Rather sad news today. itch.io has effectively ended the sale of adult games on their platform.

doesn't seem very nuanced.

i... wish that people would believe me when i say that i am seeing opinions that i am seeing.


that analysis seems particularly unfair to itch. the overall vibe seems to be "well itch should go to bat for us", but they have been going to bat for us this whole time. itch is a handful of people, few enough that the things they individually care about bleed through into how the company behaves, and this is clearly something they care about. describing it as "falling in with the pack" is baffling to me — the pack is tumblr and facebook, where you're not allowed to post a titty at all. even twitter, bastion of musk-brand free speech, has been moving to make porn inaccessible if you're not logged in. itch doesn't do any of that. itch isn't even restricting selling anything! itch is saying that, for whatever reason, they can't take the payment-related heat on behalf of a few specific devs any more. and that sucks but i don't know what more to ask for.

i very highly value space on the internet that makes room for sexuality, which is exactly why i find it dismaying to see people instantly turn on one of those spaces, after it appears to have been backed into some sort of corner, seemingly because of being one of those spaces.
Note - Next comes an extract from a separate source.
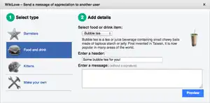The WikiLove interface can be tailored to suit the needs of each individual editor. If you want to use WikiLove for leaving welcome messages, birthday cakes, or hedgehogs, it's easy to override the default configuration with your own settings.

leafo even includes a mention that it's a big fucking bummer to go to bat for people, even when they are especially troublesome in some unspoken manner, and then find out that they are giving itch 0%! nothing! just, yeah, shield us from all this crap for free. he thinks the devs know the risk itch is taking on their behalf, but i'm not sure that's true. i've seen a lot of depressing commentary from adult devs today that feels like they think itch owes them seamless sales with 100% insulation from all outside forces. but i think "itch is obligated to hold my money in their bank account" is kind of a hard sell.
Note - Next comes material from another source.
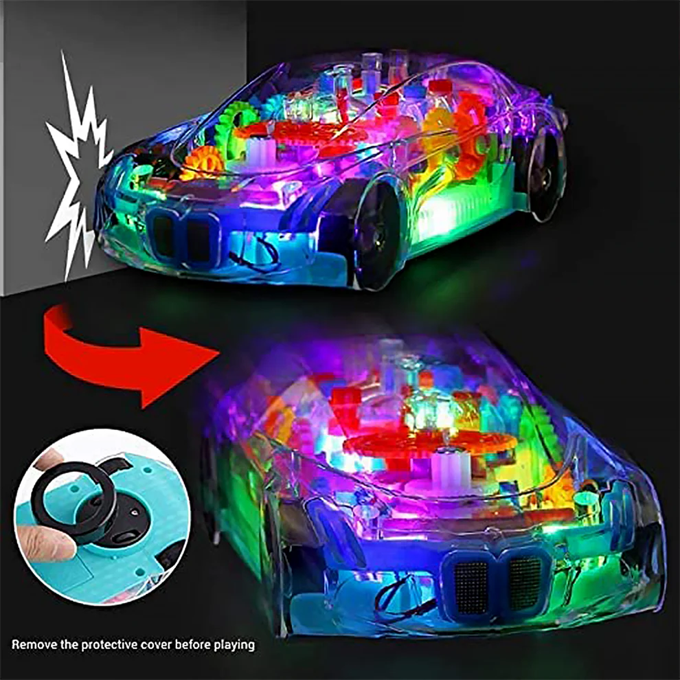 360° Rotating Gear Car Toy with Music & 3D Lights – Transparent Body (Multicolor)

this is meandering a little, sorry. the discourse is definitely not all thoughtful and it is getting to me

i don't know. maybe i'd feel differently if i hadn't had multiple conversations with two itch people over the years, which is probably like half of the staff

yeah it sucks. it looks arbitrary from the outside (though i've only seen a couple of specific accounts affected so i can't really compare) and it seems like there's something preventing them from giving specifics. maybe they will come up with something they can say in the near future. if not, fundamentally i don't feel like anything has changed: i'm still subject to the whims of the platforms i use. every terms of service in the world says they can delete you or anything you posted at any time for any or no reason at all, even cohost's. my spouse and i have been erased from things just because enough people got in touch with the folks in charge to go "umm there's Drama about them" and they decided we were too much to deal with. no rules violations, no terms of service, no appeals process. just human beings making decisions about how much they can bear on behalf of strangers.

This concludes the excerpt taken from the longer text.